One prediction of the Hodgkin-Huxely model mentioned above, is that because of channel inactivation, collision of two pulses should result in their annhilation. In many real neurophysiology experiments where so-called “antidromic stimulation” has used to identify which regions of the brain are connected to each other (and how fast the conduction pathways are), this has been found to be the case. However recent studies have found that nerve pulses can and do survive collisions, in agreement with a soliton theory for electromechanical nerve pulse propagation. Although Shrivastava and Schneider found pulse velocities compareable to those of action potentials in unmyelinated axons, they suggest that velocity and pulse shape are not the best criteria to gauge spike propagation. They offer that the variation in velocity as a function of state, the variation of pulse shape as a function of degree of nonlinearity, and the existence of a thermodynamically-defined threshold are the key properties.
There is still a bit of mismatch between this emerging field and traditional biologists who don’t typically quantify cells using equations of state.

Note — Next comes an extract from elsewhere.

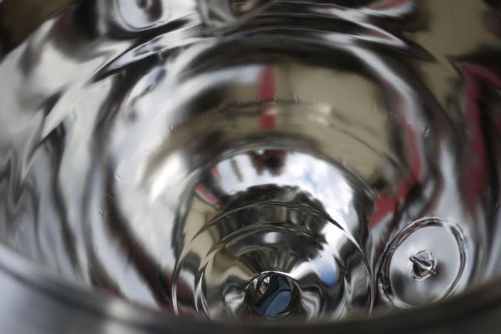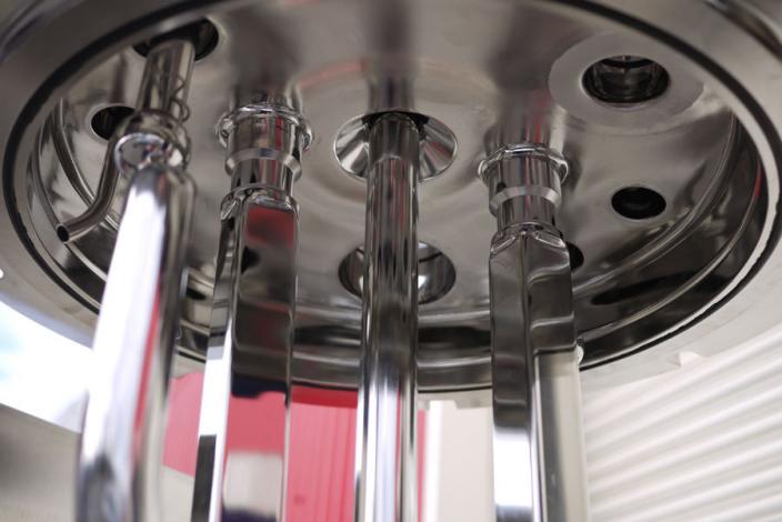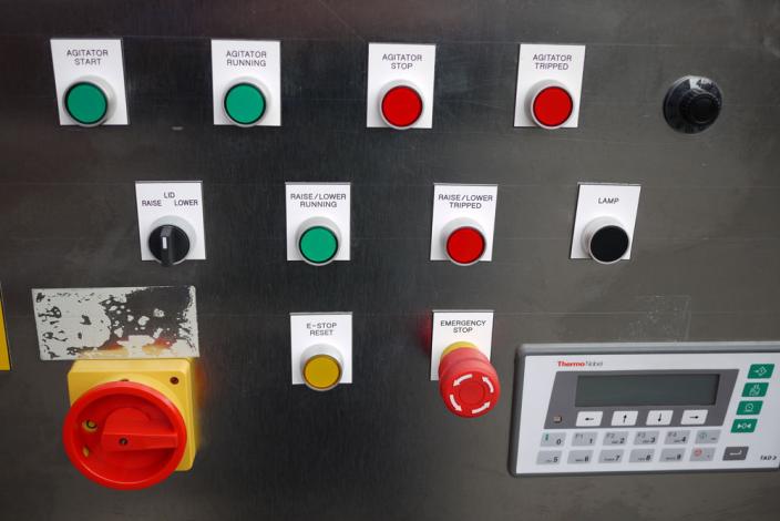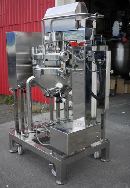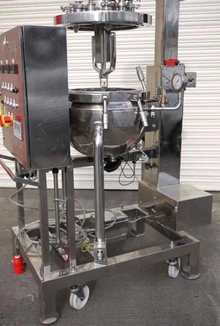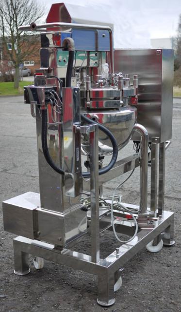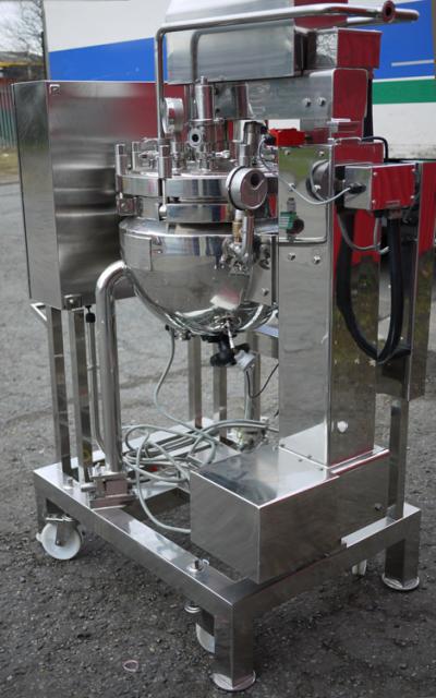 BPT SKERMAN UNUSED mobile process vessel constructed in 316 grade stainless steel with mirror polished finish to vessel interior and exterior surfaces. The hemispherical vessel has been made to a very high standard of quality and specification. 430mm I.D. x 360mm deep. Grosss volume to flange face is 42 litres suggesting that the nominal working capacity is approx 25-30 litres. The product outlet is 50mm dia and has a manual valve closure. The vessel is rated at 6 bar and full vacuum design pressure and -30 to 120°C. The stainless steel jacket is rated at the same as the vessel, the test pressure in both cases is 11 bar. Anchor type agitator with variable speed control, 2 x static baffle plates project from the top dish. Main vessel features are :- temperature probes to vessel jacket; hydraulic system for top dish raise and lower; load cell system fitted to vessel legs; vessel light and numerous connections on the top dish, analogue pressure and temperature gauges fitted, pressure relief valve with pre-set adjustment, safety interlock system; CIP spray-balls fitted. Stainless steel control panel and vessel are mounted onto a mobile 50mm square section frame. Overall dimensions 410mm x 840mm x 1100mm high.

Stepping outward for a moment, we might recall that Schrodinger’s wave equation was initially considered by many to be a mathematical fiction. It was eventually concluded that the wave function, meaning a packet of vibrations, depicted probabilities rather than energy. When luminaries like Steven Hawking now speak of a universal wave function—the state function of the entire universe—most physicists will still want more than a psi symbol and a couple more characters. In the same way, biologists want more for the cell.
In starting from the ground up and building membranes from scratch, we now have a way to fully address the spike experimentally. Constructing artificial axon-like geometries from membranes might be the next goal along this path. Adding channels, proteins, subsurface actin or spectrin, and a contiguous internal cytoskeleton will be even more illuminating. If we can then myelinate these structures, as has been already achieved for artificial tubes in a culture setting, we might begin to probe questions famously raised by the late Ichiji Tasaki. A pioneer in measuring all things mechanical and thermal regarding spikes, Ichiji also discovered the insulating function of myelin, saltatory conduction between nodes, and how sound vibrations are transduced into spikes in the auditory system.
Showing that membranes can support solitary elastic signalling is a huge step; demonstrating that they are in fact the physical basis of nerve pulses and communication remains as the challenge.